When recruiting, think about what you really need for the job. We’ve all been there when someone in our team leaves and we think we must get the vacant post filled as soon as possible; yesterday, ideally. So it’s all too easy to dust down the old job description and person spec and even the old advert, give it a quick once over and do exactly what you did to recruit last time.

But what if you took a step back?

What if you paused for a moment to think about whether you really need those qualifications or three years’ experience or a driving licence or whether someone might be able to demonstrate to you that they can do the job another way? What if you thought about the outcomes you need from the job and whether they might be achieved differently? It’s also about challenging your frame of reference; the Maynard Review made recommendations to the entry level for apprenticeships to open them up to people with learning disabilities by waiving the requirement for Maths and English GCSE. That’s great news. But I’m willing to bet that the people who originally set the entry criteria weren’t trying to set them high to exclude people with a learning disability! They probably thought they were setting them at a really attainable level. So, its’ worth challenging yourself about what you really need.

Then, when you advertise, make sure you offer alternative formats including easy read (simple text supported by pictures). It’s also vital to make sure any sifting process – whether automated or human – doesn’t automatically screen out people with a less traditional CV or one that has gaps as this may well exclude people (not just with a learning disability) who for whatever reason haven’t had the opportunity to build their portfolio.
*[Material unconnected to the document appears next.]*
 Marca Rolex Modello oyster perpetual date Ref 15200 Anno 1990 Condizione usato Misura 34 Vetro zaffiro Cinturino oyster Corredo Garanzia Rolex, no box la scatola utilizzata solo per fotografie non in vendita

And once at assessment, it’s about testing the right skills. I don’t know many people who actively love interviews but for some people with a learning disability (or indeed who are neurodiverse) may really struggle with the traditional panel format. Offering a work trial – which is legally a reasonable adjustment – gives people to demonstrate the skills they will need to show in the workplace.

Once in the job, inclusive onboard such as buddying schemes of “week one mentors” for new employees with a learning disability can really help with orientation and helping someone get used to their new role and environment. And other approaches such as job carving (where you remove an aspect/s of a job that someone may find a barrier – for example dealing with money) or Training in Systematic Assumption (TSI) where a job is taught by breaking processes down into individual component tasks – can make all the difference in an employee with a learning disability thriving at work. Our Advice Service recently worked with a large employer to understand why people with learning disabilities were being recruited into the organisation but not successfully completing the probation period. We found that passing the probation period was dependent on every employee scoring well in a comprehensive health and safety training exercise. The health and safety training was generic and not tailored to job roles. When we tailored the health and safety assessment to the employee’s specific role, the employee passed his probation and remained successfully in post.
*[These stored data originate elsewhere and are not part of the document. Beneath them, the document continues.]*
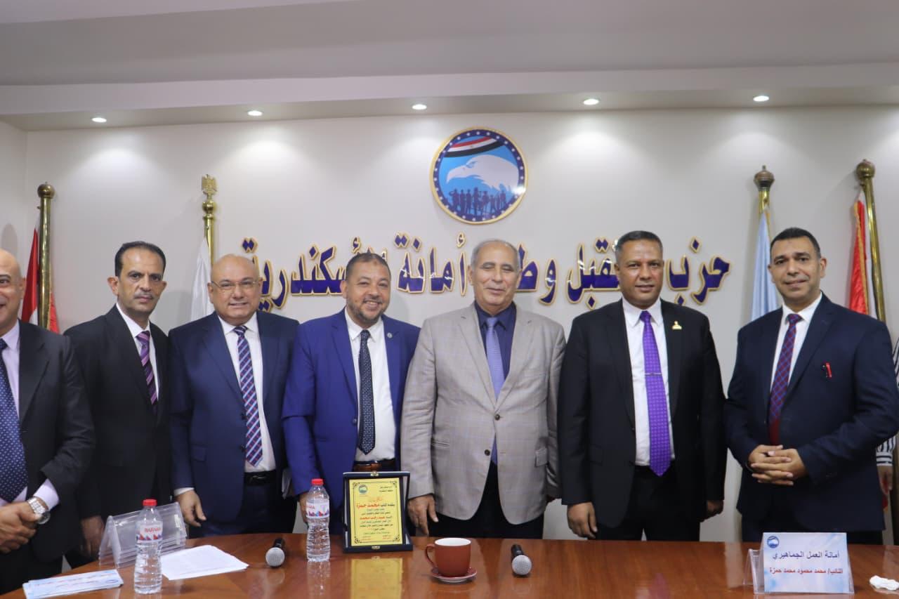بحضور الأستاذ الدكتور سعيد عبدالعزيز أمين الحزب بالإسكندرية، والأستاذ حسن خاطر أمين التنظيم، والنـائـب مـحـمـد حـمـزه عضو مجلس الشيوخ، وأمين العمل الجماهيري بالمحافظة والأمناء المساعدين لأمانة العمل الجماهيري ،وهيئة مكتب العمل الجماهيري بالأسكندرية .
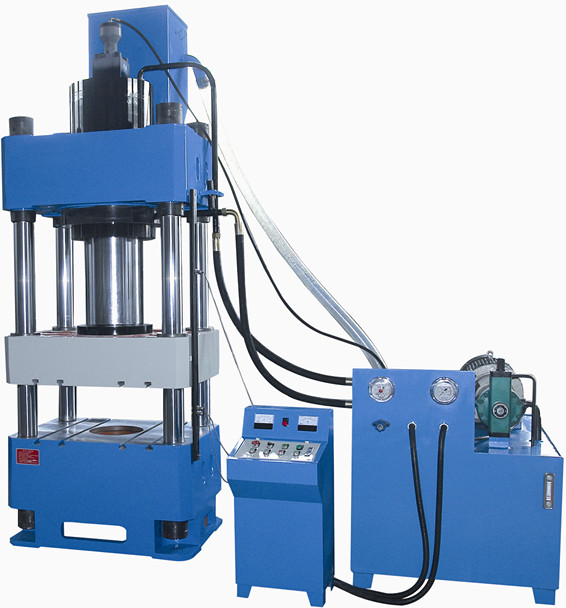 液壓機基本原理是油泵把液壓油輸送到集成插裝閥塊,通過各個單向閥和溢流閥把液壓油分配到油缸的上腔或者下腔,在高壓油的作用下,使油缸進行運動.液壓機是 利用液體來傳遞壓力的設(shè)備。液體在密閉的容器中傳遞壓力時是遵循帕斯卡定律。四柱液壓機的液壓傳動系統(tǒng)由動力機構(gòu)、控制機構(gòu)、執(zhí)行機構(gòu)、輔助機構(gòu)和工作介質(zhì)組成。動力機構(gòu)通常采用油泵作為動力機構(gòu),一般為積式油泵。為了滿足執(zhí)行機構(gòu)運動速度的要求, 選用一個油泵或多個油泵。低壓(油壓小于2.5MP)用齒輪泵;中壓(油壓小于6.3MP)用葉片泵;高壓(油壓小于32.0MP)用柱塞泵。各種可塑性 材料的壓力加工和成形,如不銹鋼板的擠壓、彎曲、拉深及金屬零件的冷壓成形,同時亦可用于粉末制品、砂輪、膠木、樹脂熱固性制品的壓制。
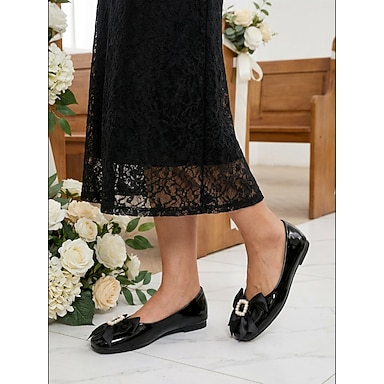 Sapatilhas femininas pretas de verniz com pérolas e laço - elegantes sapatilhas para a mãe da noiva em casamentos na igreja.

There are still challenges; people with learning disabilities are among those most impacted by the Access to Work cap. Whilst the cap has been raised, it still remains a barrier for people who require “human support” a work – and that might be the difference in being able to afford a job coach for an employee with a learning disability or not.

There are challenges too in raising aspirations, well before the workplace. Far too many young people with a learning disability are still growing up without the encouragement to – let along the expectation of – working. Job readiness needs to keep pace with the changing landscape of entry level jobs – the dwindling of supermarket checkout roles being an obvious example – and the changing requirements of employers. Equally, employers need to be open to doing things differently and to understand a work trial is not only a reasonable adjustment under the Equality Act, but is also, for many jobs, a far better measure of whether someone can actually do a job as opposed to telling you about it.

This Learning Disability Week, let’s work together and shift the dial on those woeful statistics once and for all.